■ **DESCRIPTION OF THE TASK**
Output nothing but the lines from the first line of the entries to the line with "ईद की नमाज पढ़ते मुस्लिम भाई।", inclusive, exactly as they read.

====

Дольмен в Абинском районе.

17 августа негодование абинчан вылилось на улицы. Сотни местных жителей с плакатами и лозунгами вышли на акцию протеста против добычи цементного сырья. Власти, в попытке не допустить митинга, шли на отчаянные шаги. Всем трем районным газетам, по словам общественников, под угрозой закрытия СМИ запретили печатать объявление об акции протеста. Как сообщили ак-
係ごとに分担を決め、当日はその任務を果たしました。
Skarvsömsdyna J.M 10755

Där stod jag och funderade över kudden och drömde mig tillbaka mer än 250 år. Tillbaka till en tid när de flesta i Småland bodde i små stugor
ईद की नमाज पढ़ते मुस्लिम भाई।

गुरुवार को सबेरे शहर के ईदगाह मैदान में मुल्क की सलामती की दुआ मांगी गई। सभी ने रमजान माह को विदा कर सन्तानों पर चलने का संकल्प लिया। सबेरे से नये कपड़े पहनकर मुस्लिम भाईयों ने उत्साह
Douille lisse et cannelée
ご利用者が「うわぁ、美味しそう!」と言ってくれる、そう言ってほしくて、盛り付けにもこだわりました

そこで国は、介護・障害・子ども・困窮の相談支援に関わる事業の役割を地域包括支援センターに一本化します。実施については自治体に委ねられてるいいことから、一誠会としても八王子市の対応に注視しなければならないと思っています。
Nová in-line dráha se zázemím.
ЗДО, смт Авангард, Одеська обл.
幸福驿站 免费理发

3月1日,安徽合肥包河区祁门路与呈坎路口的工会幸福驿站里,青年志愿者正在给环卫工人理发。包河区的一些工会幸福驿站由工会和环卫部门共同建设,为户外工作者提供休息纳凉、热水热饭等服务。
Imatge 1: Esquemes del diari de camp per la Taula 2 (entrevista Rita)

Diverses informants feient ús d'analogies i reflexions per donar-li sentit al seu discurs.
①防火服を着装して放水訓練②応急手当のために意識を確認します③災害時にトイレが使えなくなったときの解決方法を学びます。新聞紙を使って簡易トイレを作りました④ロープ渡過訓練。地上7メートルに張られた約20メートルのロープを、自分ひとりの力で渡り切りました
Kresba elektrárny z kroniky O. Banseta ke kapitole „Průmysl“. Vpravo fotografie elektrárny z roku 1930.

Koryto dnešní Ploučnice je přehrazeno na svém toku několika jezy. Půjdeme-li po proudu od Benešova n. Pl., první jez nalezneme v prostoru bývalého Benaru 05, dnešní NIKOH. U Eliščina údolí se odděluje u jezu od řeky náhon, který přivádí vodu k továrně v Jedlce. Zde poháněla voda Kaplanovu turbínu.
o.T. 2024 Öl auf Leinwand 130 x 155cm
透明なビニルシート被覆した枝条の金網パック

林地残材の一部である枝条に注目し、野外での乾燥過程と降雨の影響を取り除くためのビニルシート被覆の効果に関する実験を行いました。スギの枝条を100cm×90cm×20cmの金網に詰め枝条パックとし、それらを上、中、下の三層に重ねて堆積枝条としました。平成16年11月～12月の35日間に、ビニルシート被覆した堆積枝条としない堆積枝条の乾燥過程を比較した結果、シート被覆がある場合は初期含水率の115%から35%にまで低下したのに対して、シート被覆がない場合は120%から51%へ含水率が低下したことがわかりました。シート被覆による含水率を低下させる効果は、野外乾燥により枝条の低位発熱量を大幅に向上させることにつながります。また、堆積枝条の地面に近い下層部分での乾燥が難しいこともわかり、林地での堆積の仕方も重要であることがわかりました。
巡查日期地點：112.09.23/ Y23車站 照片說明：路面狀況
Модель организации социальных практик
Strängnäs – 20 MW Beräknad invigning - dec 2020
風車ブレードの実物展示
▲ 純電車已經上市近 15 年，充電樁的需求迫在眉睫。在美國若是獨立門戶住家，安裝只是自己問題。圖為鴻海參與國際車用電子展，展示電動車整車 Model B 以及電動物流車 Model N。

====

■ **SOLUTION BELOW**
Дольмен в Абинском районе.

17 августа негодование абинчан вылилось на улицы. Сотни местных жителей с плакатами и лозунгами вышли на акцию протеста против добычи цементного сырья. Власти, в попытке не допустить митинга, шли на отчаянные шаги. Всем трем районным газетам, по словам общественников, под угрозой закрытия СМИ запретили печатать объявление об акции протеста. Как сообщили ак-
係ごとに分担を決め、当日はその任務を果たしました。
Skarvsömsdyna J.M 10755

Där stod jag och funderade över kudden och drömde mig tillbaka mer än 250 år. Tillbaka till en tid när de flesta i Småland bodde i små stugor
ईद की नमाज पढ़ते मुस्लिम भाई।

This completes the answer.